# Tennessee Fire



## Andre

@Hardtail1969' Swambo (she who must be obeyed) loves Jack Daniel's Tennessee Fire. Straight up. He has thrown us the challenge to create the juice equivalent for her. I have just noticed in another thread that she still partakes in the stinkies. So, a worthwhile cause.

For science I bought a bottle of same, stored it in the freezer. Made the mistake of offering same to all our visitors in these festive times. All, without exception, the lady folk just loved it - not much left in the bottle. It is sweet, very sweet and the hot Cinnamon is over the top. The whiskey is in the background.

My thoughts so far:

*TFA Cinnamon Red Hot at 11%*
I mixed this recipe, which uses 11% of the Red Hot with 3% FA Meringue. Very authentic of the red hots sweets. Not sure if 11% is high enough for the Tennessee Fire.

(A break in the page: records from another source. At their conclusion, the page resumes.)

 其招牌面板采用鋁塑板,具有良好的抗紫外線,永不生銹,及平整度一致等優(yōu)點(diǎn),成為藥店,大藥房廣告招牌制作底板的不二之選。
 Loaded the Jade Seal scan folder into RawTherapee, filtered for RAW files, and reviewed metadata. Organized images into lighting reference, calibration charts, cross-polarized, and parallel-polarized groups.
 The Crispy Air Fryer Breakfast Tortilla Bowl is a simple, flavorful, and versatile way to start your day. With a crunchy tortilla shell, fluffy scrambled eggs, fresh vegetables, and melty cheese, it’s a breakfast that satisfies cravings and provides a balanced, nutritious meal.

*TFA Toasted Marshmallow at 3%*
In the place of the Meringue. Think it will add more sweet than the Meringue and it adds a great boozy element.

*TFA Kentucky Bourbon 4%*
For the Bourbon part. Not sure at what percentage. 4% is but my gut feel.

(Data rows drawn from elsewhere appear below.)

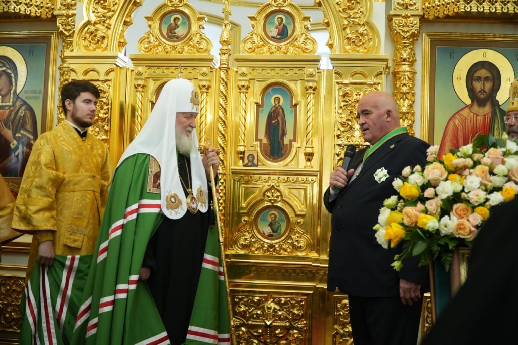 «Уважаемый Владыка! Спасибо за то, что восемь лет назад, посетив Кострому, Вы благословили нас на воссоздание храмового комплекса Костромского кремля, который был разрушен в 30-е годы, что оставило раны на сердцах многих костромичей. Воссоздание храмов — это великое духовное событие и украшение города. Колокольня Богоявленского собора, вновь, как много лет назад, стала доминантой всей центральной части Костромы. Мы благодарны Вам, и это я говорю за всех костромичей, за сегодняшнюю службу, очень красивую и торжественную. Храмовый комплекс завершен не до конца — не восстановлен еще Успенский собор. Святейший Владыка, прошу поручить и благословить нашего благодетеля Виктора Ивановича Тырышкина на достройку храмового комплекса. Спасибо Вам за все!», — обратился Сергей Ситников.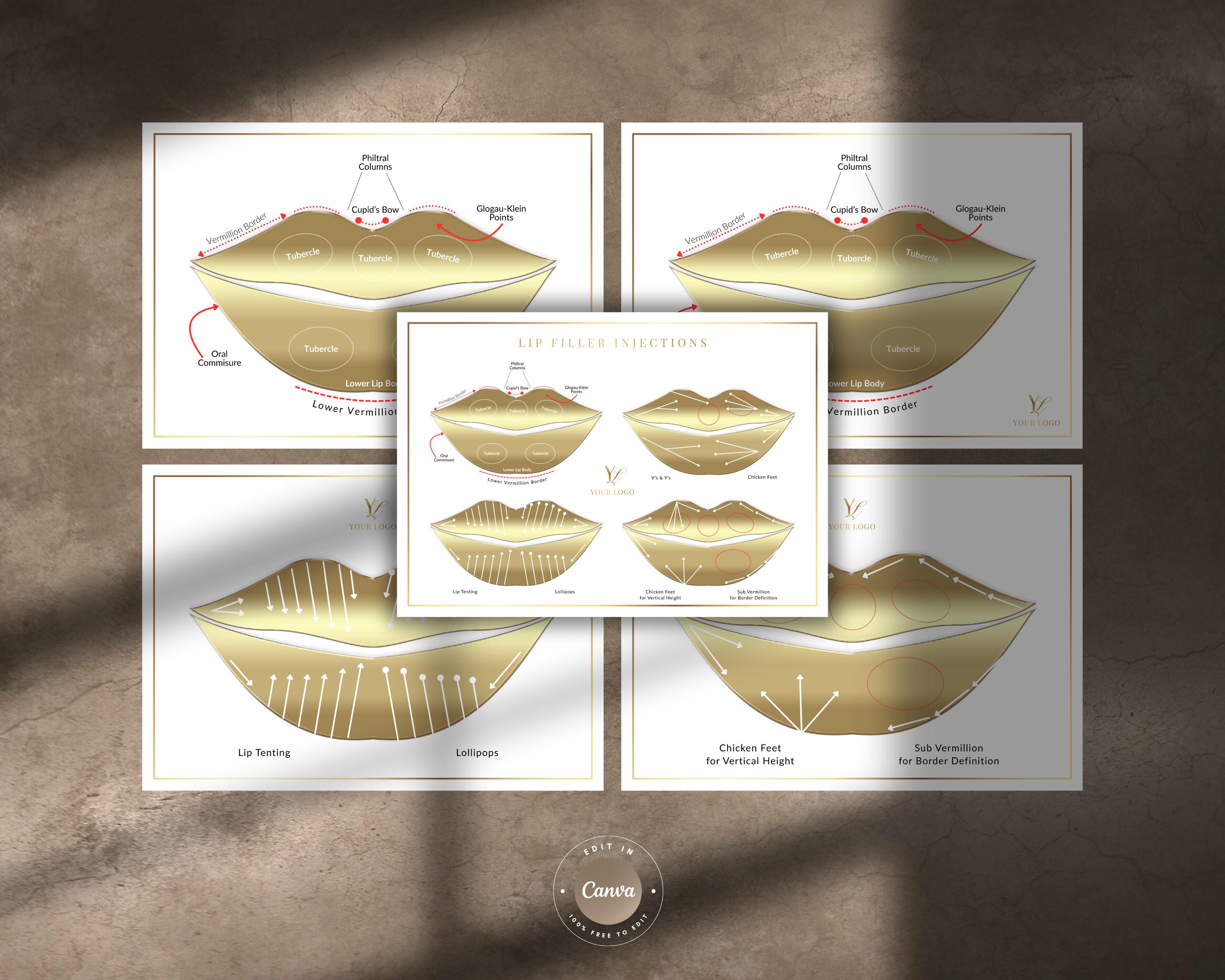 EDITable Lip Filler Practice Injection Techniques Templates, Hands on Learning, Aesthetic Injections Tutor Student Resource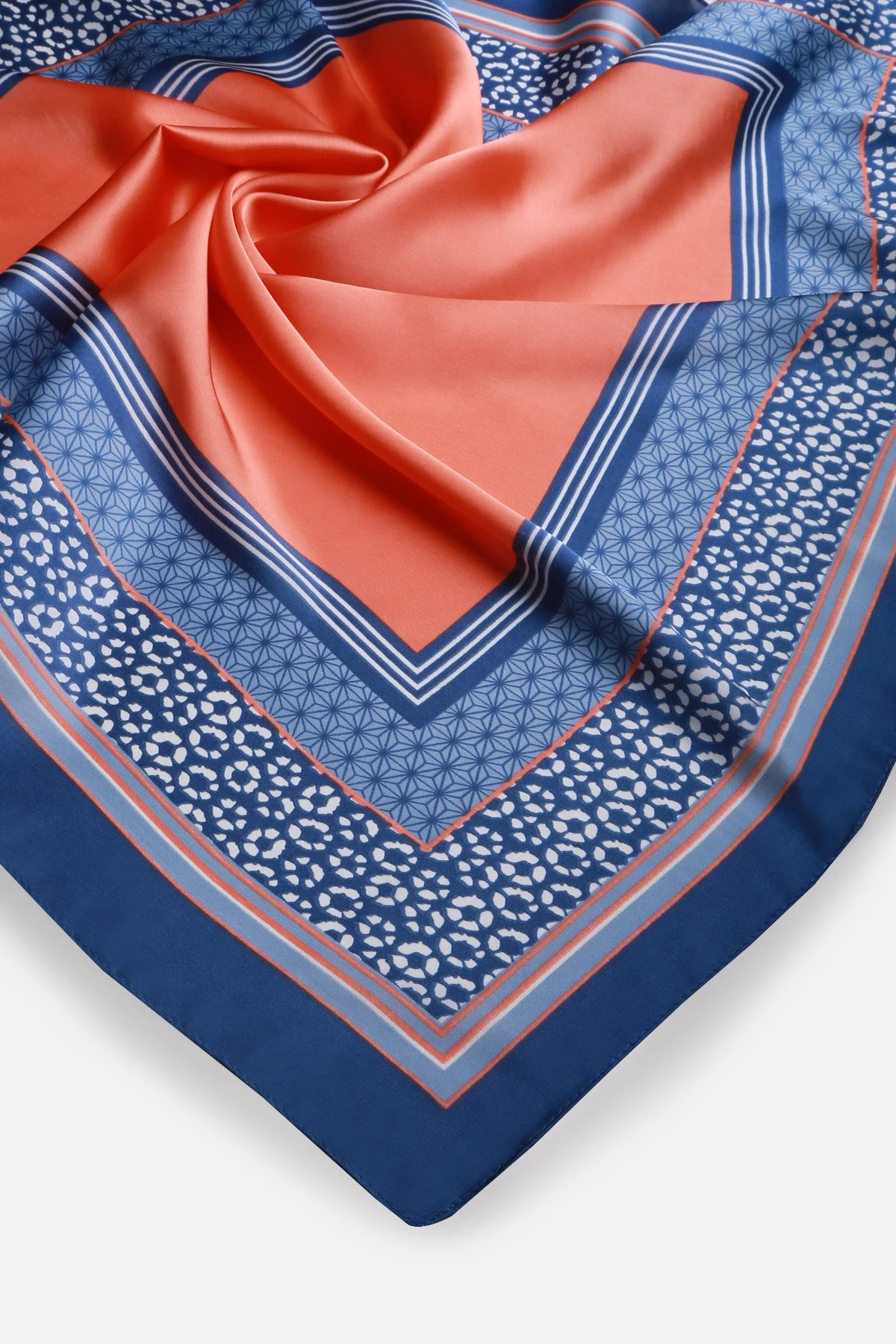 İpeksi dokulu saten kumaştan üretilen çiçek desenli fular; lacivert ve turuncu tonların zarafetiyle hem günlük kombinlere hem de özel davet stillerine sofistike bir dokunuş katar. Yumuşak parlaklığı ve akıcı formu sayesinde boyun, çanta, saç ya da bilek aksesuarı olarak çok amaçlı kullanılabilir. Özel kutulu sunumu ile kurumsal hediyelik, özel gün hediyesi arayanlar için mükemmel bir tercihtir.

Considered FA Oak at a low percentage, but do not think this liqueur really needs it. At most for the extra sweet it imparts.

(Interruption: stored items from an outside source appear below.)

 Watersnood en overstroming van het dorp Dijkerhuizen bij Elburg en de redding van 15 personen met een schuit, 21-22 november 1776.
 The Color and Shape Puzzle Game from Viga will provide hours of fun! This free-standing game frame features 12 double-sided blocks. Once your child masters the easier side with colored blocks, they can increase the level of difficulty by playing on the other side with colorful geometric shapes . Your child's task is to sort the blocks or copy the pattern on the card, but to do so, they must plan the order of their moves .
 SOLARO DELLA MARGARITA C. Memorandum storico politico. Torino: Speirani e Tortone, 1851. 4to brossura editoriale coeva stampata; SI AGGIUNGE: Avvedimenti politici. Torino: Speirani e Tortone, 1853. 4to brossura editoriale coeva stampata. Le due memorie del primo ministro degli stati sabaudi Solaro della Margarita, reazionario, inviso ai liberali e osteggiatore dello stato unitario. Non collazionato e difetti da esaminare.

For my own personal taste I would certainly add TFA Koolada, but my understanding is that Swambo takes it straight, without any cooling - in the freezer or otherwise. Please confirm @Hardtail1969.

Any comments or suggestions in this regard will be appreciated. Feel free to mix your own concoctions.

Reactions: Like 6 | Winner 4


----------



## incredible_hullk

love tennesee fire...gonna give this a mix @Andre ..agree on the koolada and i think bet 3 and 4% bourbon sounds about right...havent tried my red hot yet so cant comment on the 11%

Reactions: Like 1 | Thanks 1


----------



## Viper_SA

I personally find it blasphemes to call bourbon whiskey. Hate JD with a passion, lol.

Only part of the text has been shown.